France's Foreign Minister Bernard Kouchner, meanwhile, was meeting with Iraqi President Jalal Talabani and other Iraqi officials a day after arriving for a highly symbolic visit to Iraq - the first by a senior French official since the war started, setting off years of icy relations between Paris and Washington.
Kouchner said Sunday that he was not in Iraq to offer initiatives or proposals but to listen to ideas on how his country might help stop the devastating violence.
"Now we are turning the page. There is a new perspective. We want to talk about the future. Democracy, integrity, sovereignty, reconciliation and stopping the killings. That's my deep aim," he said in English after meeting with Iraqi Foreign Minister Hosyhar Zebari.
The blast struck the SUV carrying Gov. Mohammed Ali al-Hassani about 9 a.m., shortly after his convoy departed from his home in Rumaitha en route to his office in the provincial capital of Samawah, about 230 miles southeast of Baghdad.
Al-Hassani, his driver and a guard were killed, while his office manager and two other guards were seriously wounded, police said.
A curfew was immediately clamped on Samawah and new checkpoints were erected.
On Aug. 11, the governor and police chief of another southern province, Qadasiyah, also were killed in a roadside bombing attack. Gov. Khalil Jalil Hamza and the police chief Maj. Gen. Khalid Hassan were killed as they returned to the provincial capital of Diwaniyah from a funeral for a tribal sheik.
Both governors were members of the influential Supreme Islamic Iraqi Council, a group led by Shiite politician Abdul-Aziz al-Hakim whose loyalists have been fighting the Mahdi Army militia for control of the oil-rich south as British-led forces gradually withdraw from the area.
Al-Hassani, 52, was from a prominent clan in the area and had been governor for about two years despite several attempts by rivals in the provincial council to sack him.

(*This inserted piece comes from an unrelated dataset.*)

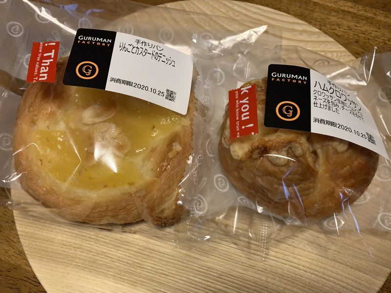 そこで買ったのはこちらの2個。「ハムクロワッサン」と「りんごとカスタードのデニッシュ」です。

SIIC dominates the Muthanna provincial capital with about half of the 40 seats, with the rest divided among other Shiite parties, including Fadhila and the Dawa party of al-Maliki.
Police quickly laid blame on the Mahdi Army, which is nominally loyal to radical Shiite cleric Muqtada al-Sadr and has been involved in several recent clashes with its rivals.
"There was nothing against the governor inside the province except the confrontations between Mahdi Army and SIIC, which have claimed the lives of dozens of people," an officer said, speaking on condition of anonymity because he feared retribution.
Al-Maliki's office issued a statement condemning the assassination, saying it had ordered and investigation and calling for restraint against retaliation.
"Those behind this horrible crime want to flood the province with chaos and insecurity, thus implementing an agenda of hatred that does not want any good for our people," the prime minister said in the statement.
"Therefore, we call on our people in the Muthanna province to exercise self-restraint and avoid the trap set by this act," he added. "Meanwhile our armed forces are ordered to confront with full zeal and force any one who tries to destabilize the province."
Kouchner's visit was welcomed in Washington, where the Bush administration is facing a Sept. 15 deadline to report to Congress on progress in Iraq as a result of the infusion of 30,000 more U.S. troops in the first half of the year. American public opinion and congressional sentiment is running against the U.S. effort and there are many calls for a timetable for withdrawing U.S. troops.
"This is one more example, along with the new UN mandate, the neighbors conference process and recent announcements by Saudi Arabia to open an embassy and forgive Saddam-era debt, of a growing international desire to help Iraq become a stable and secure country," said White House spokesman Gordon Johndroe.
In another sign of growing Shiite discontent, thousands rallied against the U.S. in Sadr City, waving Iraqi flags and shouting "no, no to America." One group of men set an effigy of an American flag on fire, then stomped on it.
The protesters demanded an end to the raids that are often carried out by U.S. and Iraqi forces against suspected militia fighters in Baghdad's main Shiite district as part of a six-month-old security crackdown in Baghdad. Iraqis frequently claim that civilians are killed in the raids and some carried photos of victims and women in mourning.